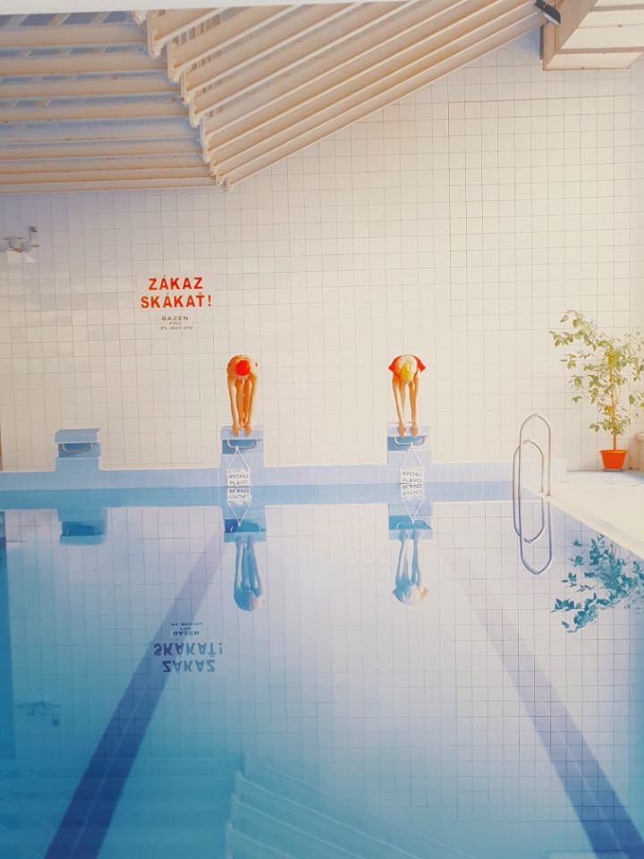 수영장과 밝은 햇살, 수영수트를 입은 사람들 이라는 소재를 완전히 색다르게 해석한 작품들이었다.
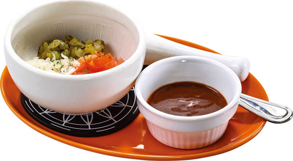 看板メニューである“大俵ハンバーグ”や燻製ベーコン、ポークソーセージにBBQソースと野菜を組み合わせたスモーキーでコクのあるソースを合わせた。期間限定で提供する「スモークBBQソース」は、すり鉢に入ったダイスカットの玉ねぎ・ピクルス・トマトを自分で好みの食感や味わいに擦って完成させるもので、野菜の甘みと酸味が際立ち、スモーキーな香りとスパイスの風味が食欲をそそる。
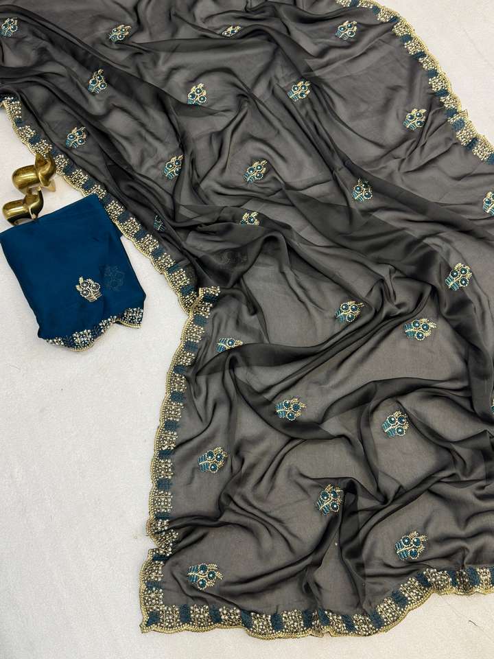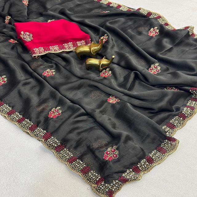 ส่าหรีผ้าไหมนุ่มลายปักและงานหินดีไซน์สวยสำหรับผู้หญิงผู้ใหญ่
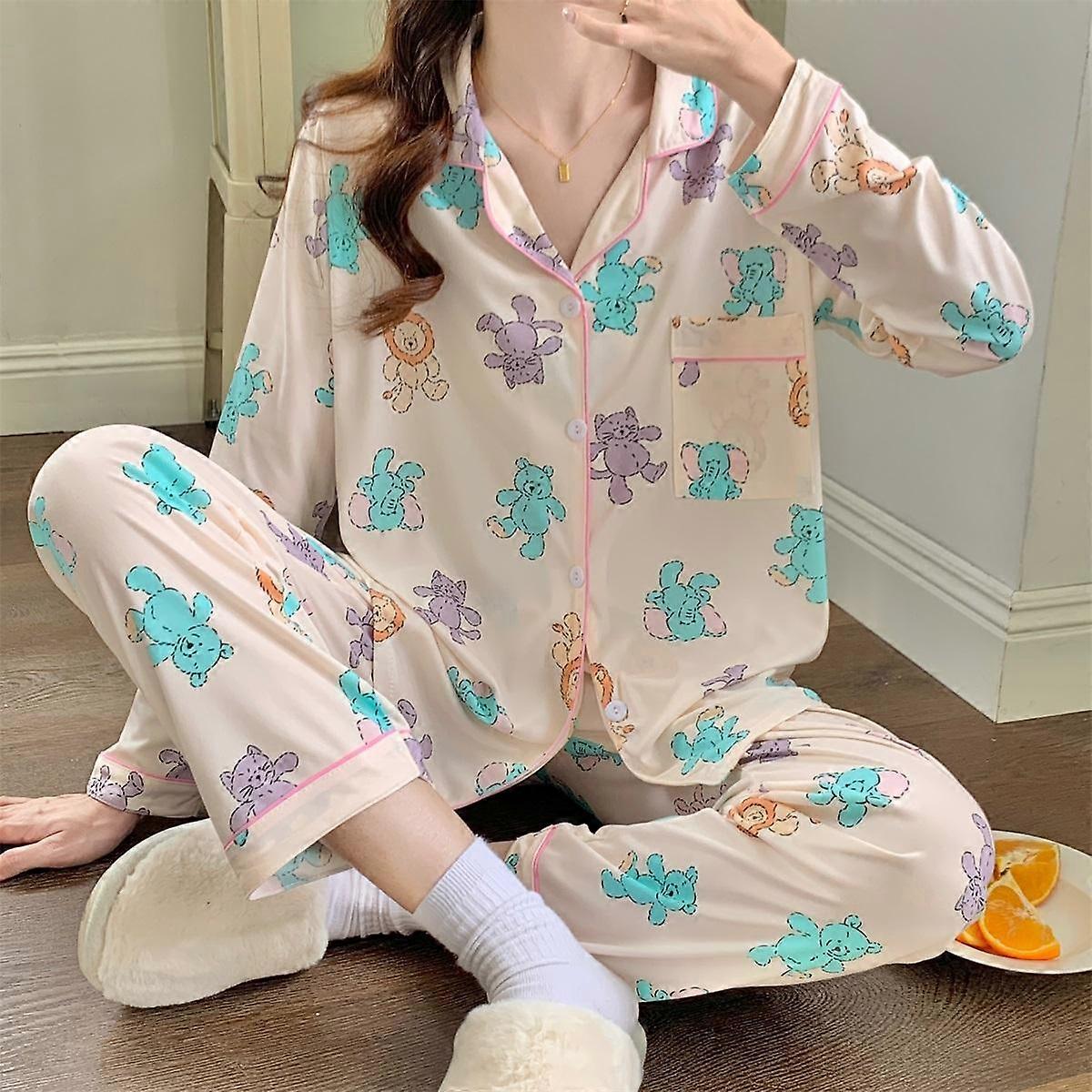 Ins Style Cartoon Cute Bear Women's Pajamas Long Sleeve Sweet Casual Long Sleeve Pants Loungewear

--------------------

§ Assigned task:
In the reply, each line of the data must appear exactly as written, and no picture may appear.

§ Output for this task:
 수영장과 밝은 햇살, 수영수트를 입은 사람들 이라는 소재를 완전히 색다르게 해석한 작품들이었다.
 看板メニューである“大俵ハンバーグ”や燻製ベーコン、ポークソーセージにBBQソースと野菜を組み合わせたスモーキーでコクのあるソースを合わせた。期間限定で提供する「スモークBBQソース」は、すり鉢に入ったダイスカットの玉ねぎ・ピクルス・トマトを自分で好みの食感や味わいに擦って完成させるもので、野菜の甘みと酸味が際立ち、スモーキーな香りとスパイスの風味が食欲をそそる。
 ส่าหรีผ้าไหมนุ่มลายปักและงานหินดีไซน์สวยสำหรับผู้หญิงผู้ใหญ่
 Ins Style Cartoon Cute Bear Women's Pajamas Long Sleeve Sweet Casual Long Sleeve Pants Loungewear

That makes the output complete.